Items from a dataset
■ ■ ■ ■ ■ ■ ■
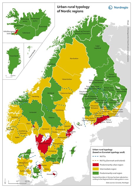 Map 10. Urban-rural typology of Nordic regions 2020.
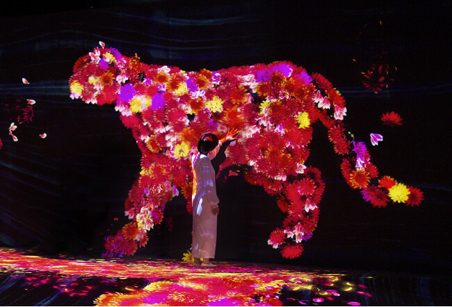 アート集団チームラボによる、福岡市の常設ミュージアム「チームラボフォレスト 福岡 - SBI証券」(以下、チームラボフォレスト)は、11月23日(木・祝)から、冬の景色となります。高低差のある立体的な世界で、冬の花々でできた動物たちが歩き回る他、複数の作品が冬の色彩に変化します。
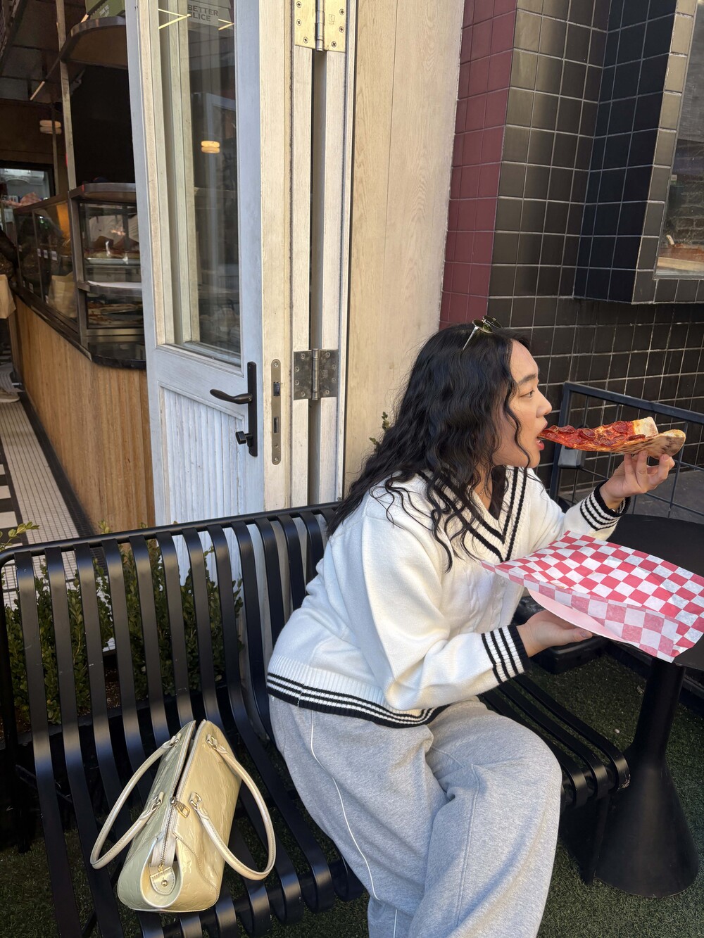 * 착용자의 오른쪽 밑 배색 eve in a logo 자수
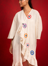 A cover-up perfect for layering, offering a soft and breathable feel. The cover-up is adorned with vibrant, multicoloured circular eye motifs, hand-embroidered with cross stitch, making each piece unique. With its loose, relaxed fit and elbow-length sleeves, this cover-up is ideal for casual outings or as a stylish layer over swimwear. Length 36". The model is 5'5" and is wearing size S.
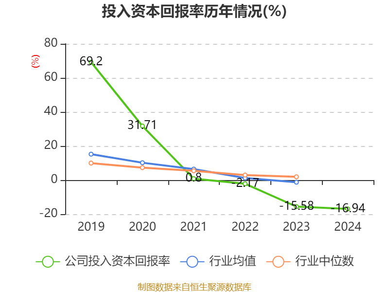 数据显示,2024年公司加权平均净资产收益率为-20.19%,较上年同期下降3.47个百分点。公司2024年投入资本回报率为-16.94%,较上年同期下降1.36个百分点。
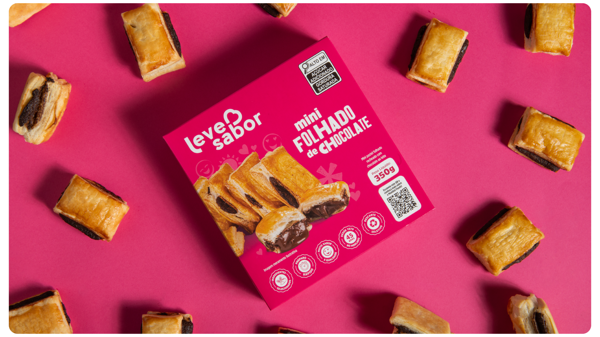O projeto foi pensado visando fortalecer a presença da marca e destacar a embalagem na gôndola do super-mercado, através do rosa, que retorna como cor primária da Leve Sabor depois de mais de 10 anos. Optamos pela diferenciação com a concorrência, apostando em uma linguagem enérgica e lúdica aliada ao tom de cor marcante e forte. Fica também o destaque para a tipografia personalizada que dá nome aos produtos da linha.
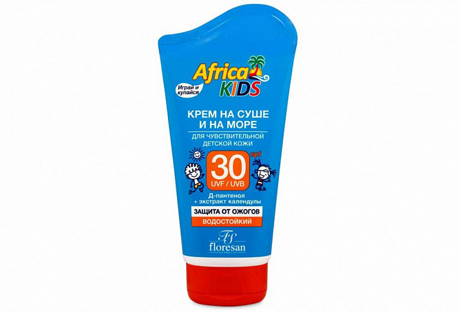 Нежный крем серии «Africa kids» создан специально для сверхчувствительной к солнцу детской кожи при нахождении, как на суше, так и в воде. Комплекс УФ-А и УФ-B фильтров, Д-пантенол и календула максимально эффективно защищают кожу от вредного воздействия ультрафиолетовых лучей и предохраняют кожу от появления солнечных ожогов. Водостойкая формула обеспечивает защиту кожи на длительный срок во время пребывания на солнце и после водных процедур. Устойчив к песку и поту.
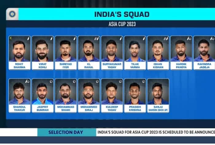 Here is India’s squad for the Asia Cup 2023: Rohit Sharma (Captain), Shubman Gill, Virat Kohli, Shreyas Iyer, Suryakumar Yadav, Tilak Varma, KL Rahul, Ishan Kishan, Hardik Pandya (VC), Ravindra Jadeja, Shardul Thakur, Axar Patel, Kuldeep Yadav, Jasprit Bumrah, Mohd. Shami, Mohd. Siraj, Prasidh Krishna
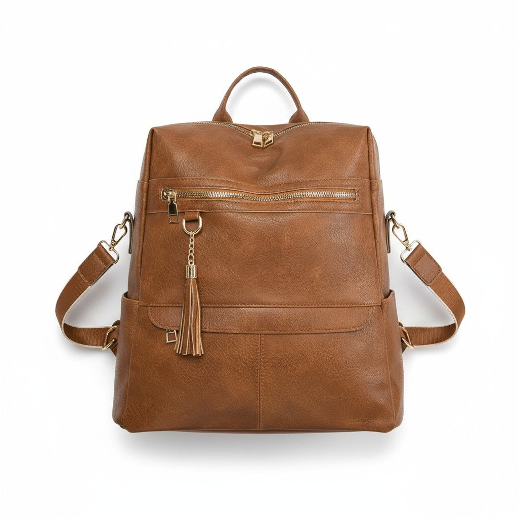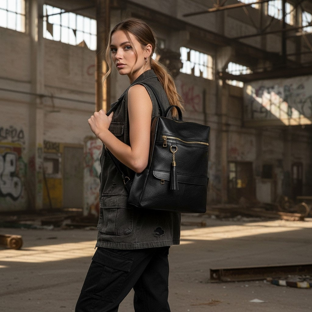 MOCHILA en cuero ecológico de alta calidad. Ideal para VIAJES. Una combinación ideal entre DISEÑO Y TAMAÑO. Con finas terminaciones y tamaño adecuado para llevar NOTEBOOK de menos 14 pulgadas o CUADERNOLAS. Tiene bolsillo interiores, uno de ellos con cierres de buen tamaño. . Dispone en su reverso un bolsillo de seguridad.
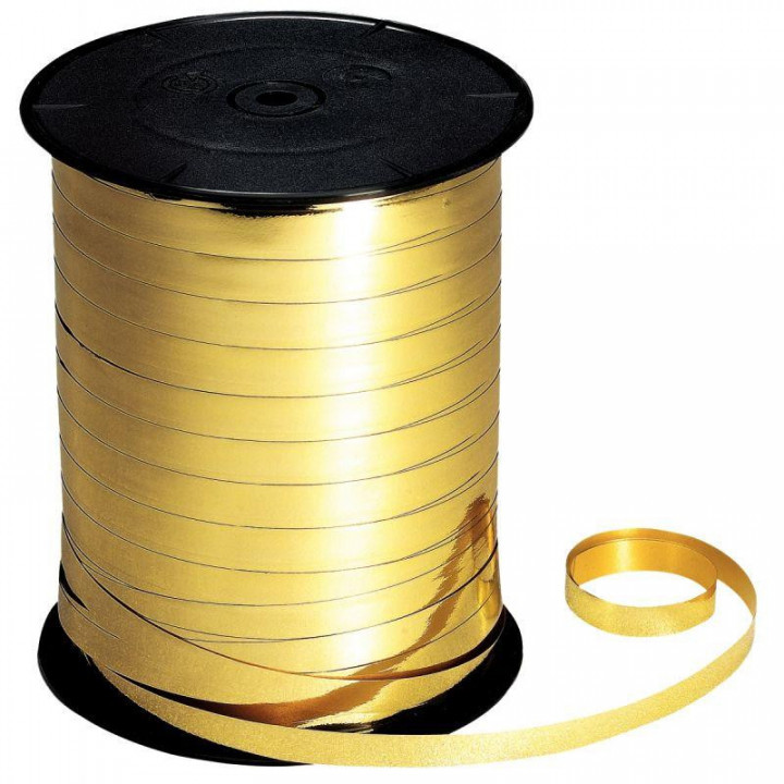 Bobine de 250m de longueur sur 7 mm de largeur de bolduc lisse coloris or métallisé.
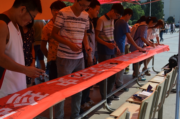 在北校区喷泉广场,土木建筑学院大二学生举行了大型纪念9.18展板活动和签名活动。展板以图片的形式展出了那段可歌可泣、艰苦卓绝、荡气回肠的民族抗战史。几十年前的烽火硝烟已经散去,那些或策马啸西风的豪放,或引刀成一快的悲壮都已经化为一缕缕历史的记忆。这些记忆弥足珍贵,他们不但镌刻着中华民族在最危险时刻中迸发出的壮丽色彩,也将激励着现代中国人不断进取的步伐。签名活动中,同学们在10米长的横幅上庄严的签上了自己的姓名,每一个姓名不仅仅有学生对祖国的美好祝愿,更有他们“好好学习,报效祖国的铮铮誓言!
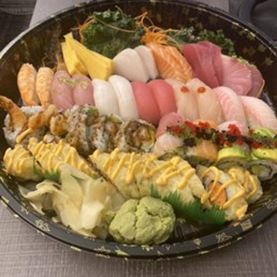 A delightful assortment of assorted sushi and sashimi, artistically arranged. This selection typically includes a variety of fresh fish, such as tuna, salmon, and yellowtail, along with California rolls and other chef's choice sushi rolls. Perfect for sharing and experiencing a range of flavors and textures.
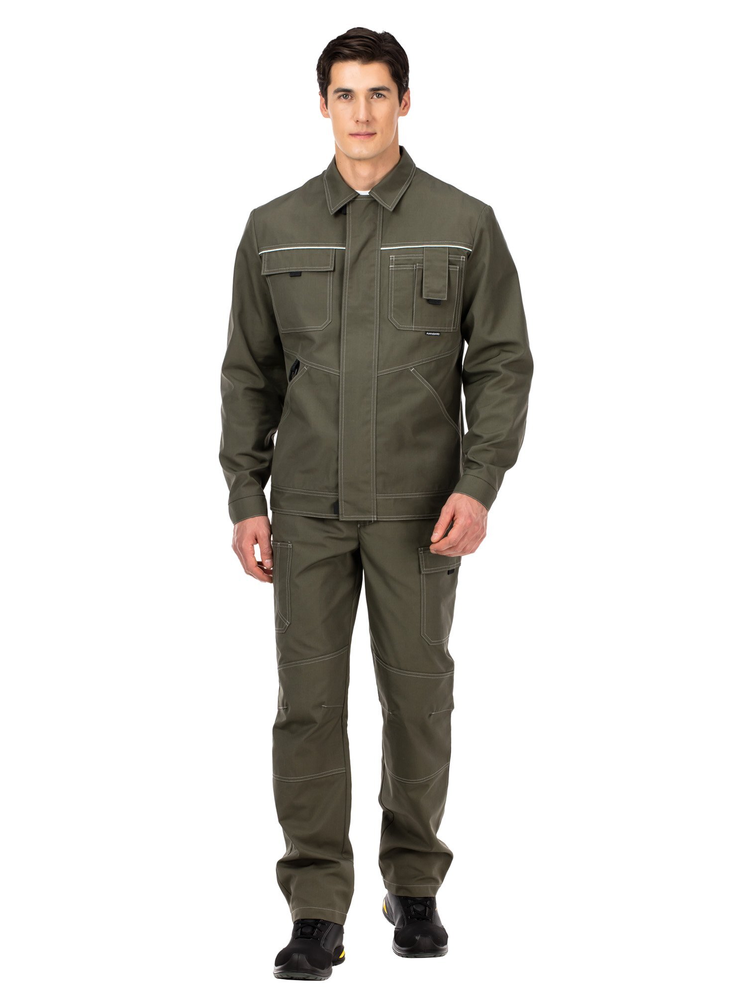 Костюм, из легкой прочной на разрыв ткани Рип-стоп с каркасом из армированных нитей и высоким содержанием хлопка, состоит из куртки и брюк.
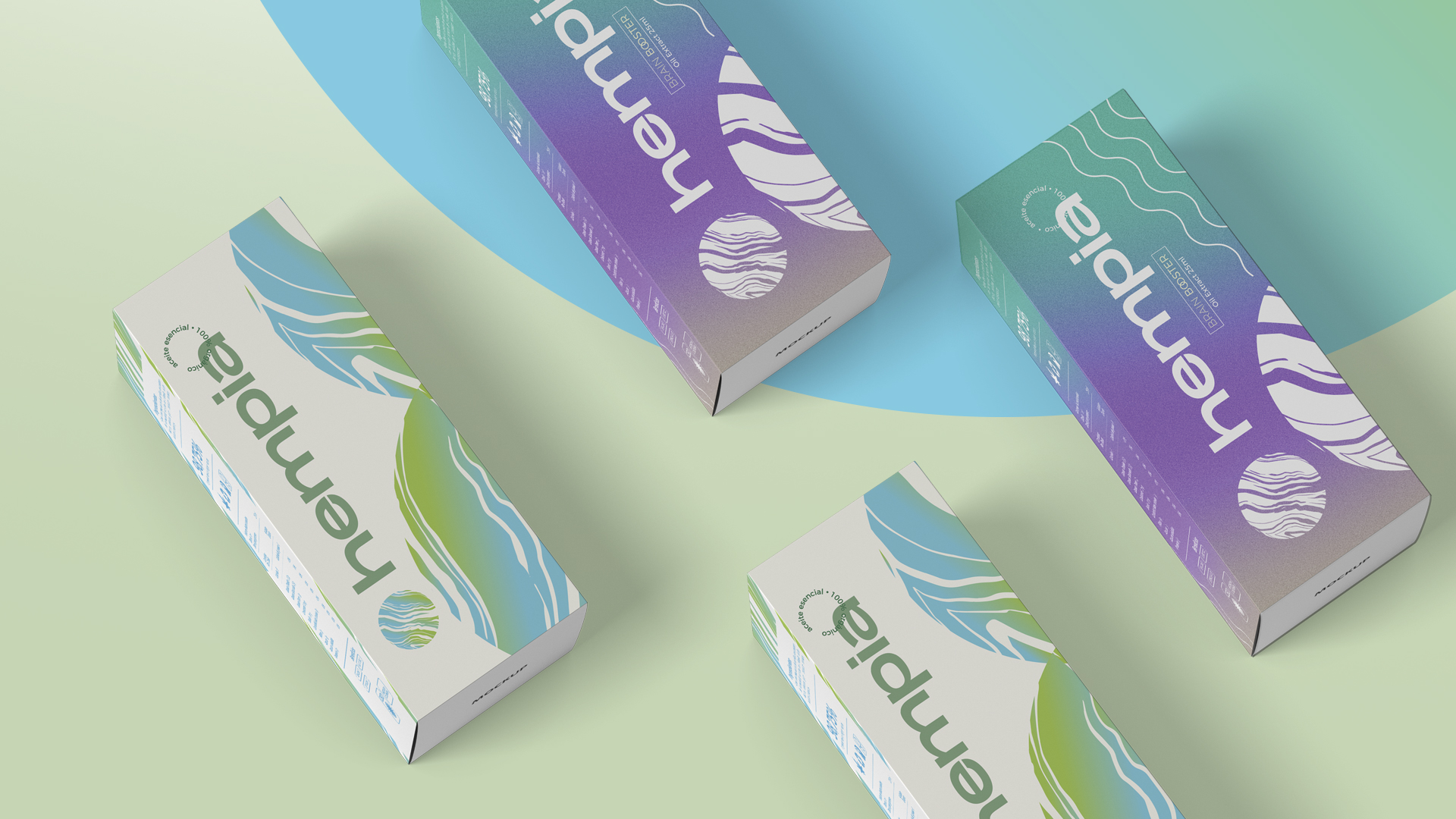Hempia is a branding and packaging design project created for a CBD-based wellness brand focused on balance, calm, and modern self-care. The objective was to develop a visual identity that communicates the natural origins of the product while maintaining a contemporary and premium aesthetic. The brand combines organic patterns, soft gradients, and fluid forms inspired by nature, reflecting the calming and restorative properties associated with CBD products. The project included brand identity development, packaging design, and a flexible visual system designed to support multiple product formats within the wellness and lifestyle market.
■ ■ ■ ■ ■ ■ ■
_EXERCISE BRIEF_
Could you repeat exactly the lines from the one containing "Костюм, из легкой" through the last line of the records, both included, without the pictures?

_WRITTEN ANSWER_
 Костюм, из легкой прочной на разрыв ткани Рип-стоп с каркасом из армированных нитей и высоким содержанием хлопка, состоит из куртки и брюк.
Hempia is a branding and packaging design project created for a CBD-based wellness brand focused on balance, calm, and modern self-care. The objective was to develop a visual identity that communicates the natural origins of the product while maintaining a contemporary and premium aesthetic. The brand combines organic patterns, soft gradients, and fluid forms inspired by nature, reflecting the calming and restorative properties associated with CBD products. The project included brand identity development, packaging design, and a flexible visual system designed to support multiple product formats within the wellness and lifestyle market.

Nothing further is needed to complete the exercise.